David Montgomery of the PiPress reports. “Minnesota taxpayers are getting a happy surprise: an expensive new state program is coming in massively under budget. The program in question is a $310 million plan to give 25 percent rebates to eligible Minnesotans’ health insurance premiums. It was passed in January amid estimates that more than 120,000 people might get state-funded discounts. Through the end of April, however, only around 95,000 Minnesotans per month had received the discounts. The total bill through the first third of the year: $46.9 million. If that rate continues for the rest of 2017, the state would only spend $140 million, less than half the projected $310 million cost.”
Shutting down: The Star Tribune’s Chris Serres writes: “A widely used hot line for Minnesotans suffering from mental health crises will shut down this Friday because of financial difficulties, ending a service that operated for nearly 50 years and helped about 20,000 people annually. Canvas Health, the Oakdale-based nonprofit that operates the Crisis Connection hot line, announced Monday it is closing the service because of losses totaling more than $1 million over the past several years, as well as a lack of state funding.”
For the AP, Kyle Potter checks out 2018 races in our more interesting congressional districts. A sampling, from the second congressional district: “Rosemount teacher and football coach Jeff Erdmann launched his Democratic campaign to unseat Lewis this spring. Angie Craig, the former medical device executive who narrowly lost to Lewis in 2016, hasn’t said whether she’ll run again in 2018.” Those Jason Lewis town halls should get even more raucous. Oh, wait.
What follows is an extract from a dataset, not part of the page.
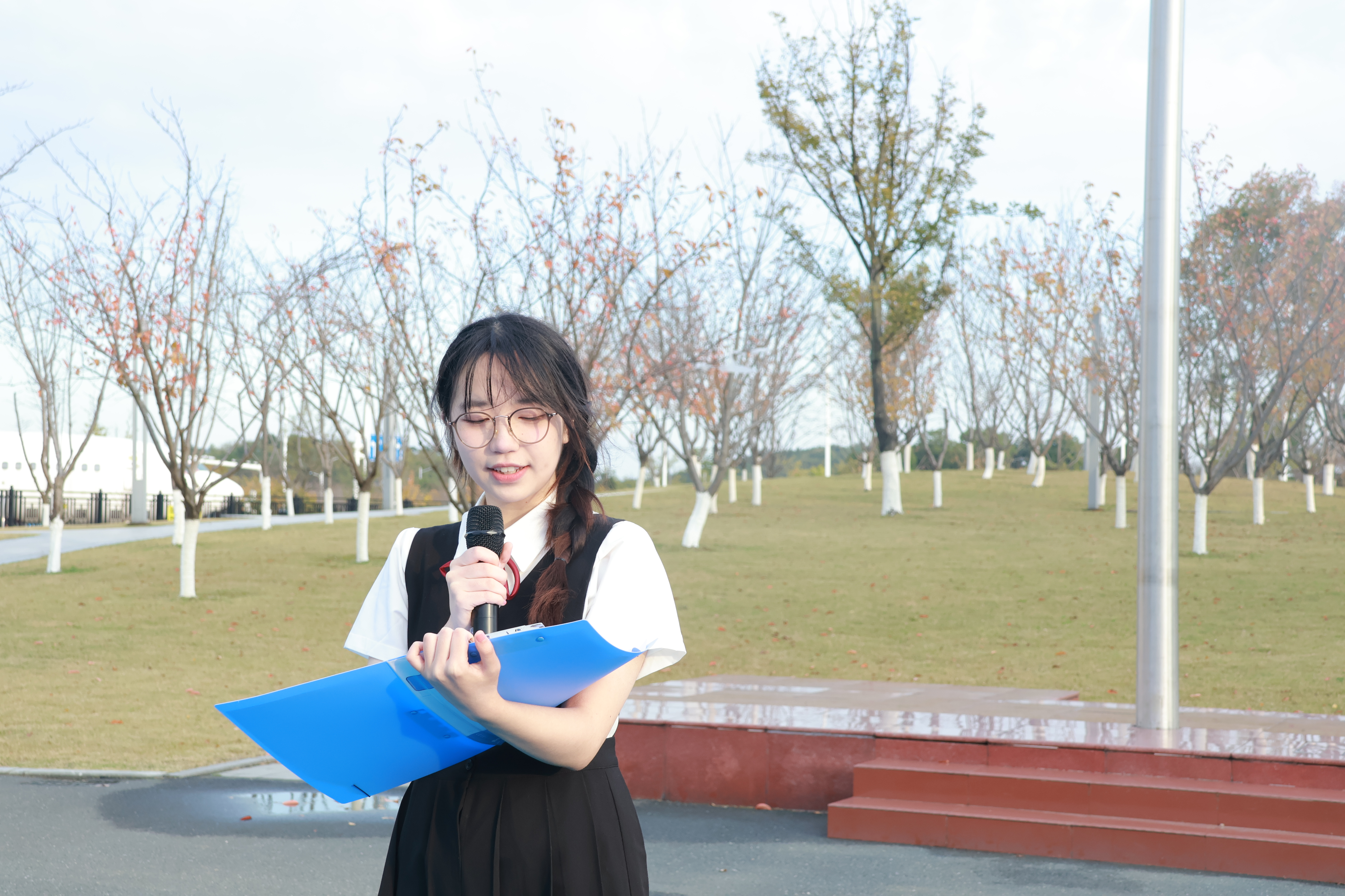 学生代表庄妮可在国旗下发表了主题为“追梦苍穹,点亮梦想”的演讲,她介绍了南航人七十一年来接续奋斗的拼搏历史,并结合自身的“蓝色梦想”鼓励大家接过时代接力棒,练就过硬本领,勇担时代重任,让青春在全面建设社会主义现代化国家的火热实践中绽放绚丽之花。

Before taxes. Amy Forliti of the AP says, “The Minnesota police officer who was acquitted in last year’s fatal shooting of black motorist Philando Castile will receive $48,500 as he leaves the suburban department that employed him at the time of the killing, according to a separation agreement announced Monday. Jeronimo Yanez will be paid the money in a lump sum, minus applicable deductions and withholdings for state and federal taxes. Under the five-page agreement released to The Associated Press through a public records request, the Minneapolis suburb of St. Anthony also will pay Yanez for up to 600 hours of accrued and unused personal leave pay.”
Speaking of fearing for his life, Bob Collins at MPR follows the second day of news about the Minneapolis cop who shot up two therapy dogs curious about the guy in their backyard. “After the shooting, the officers told the family animal control would arrive to assess the dog’s medical needs so they didn’t take the dogs to the vet immediately. Nobody ever showed up. [Jennifer] LeMay has paid $900 in vet costs for Ciroc, who has returned home, but she says he’ll still need $5,000 to $7,000 worth of surgery.”
David Montgomery of the PiPress says: “Minnesota collected an estimated $260 million less in income taxes the past fiscal year than state experts predicted in February, according to a new estimate from the state Department of Revenue. Other sources of revenue are ahead of target, putting the total estimated shortfall at $104 million for the fiscal year, which began on July 1, 2016, and ended June 30, 2017. The reason for the shortfall may have little to do with Minnesota — and a lot to do with Washington, D.C.” Next year I’m paying exactly what His Orangeness pays.
Today in muskie news. Aimee Blanchette of the Strib says, “Two kayakers on a lake in northern Minnesota encountered an impressive sight over the weekend when they paddled up to a large muskie with a northern pike in its jaws. ‘Geez look at that. That’s a huge northern, too, look at that! ‘said Cody Wolters who caught it on camera. ‘He does not want to let go’. Wolters, who is from Fargo, N.D., was kayaking with his dad when he started filming the fish. The video on Facebook has been viewed more than 10 million times.”
Don’t tell us what not to freak out about! Says Allie Shah of the Strib, “An early spring this year caused ticks to emerge ahead of schedule. But has the early start led to a bumper crop of the bloodsucking parasites this year? Not in Minnesota, says Elizabeth Schiffman, an epidemiologist with the state Department of Health who specializes in tick and mosquito-transmitted diseases. ‘With that early spring and warm weather that came early and stayed, we definitely had ticks out earlier than we have in previous years’, she said. ‘What we didn’t necessarily see is a lot more ticks. Here in Minnesota, we saw what we expected.’” But we’re still all going to die, am I right?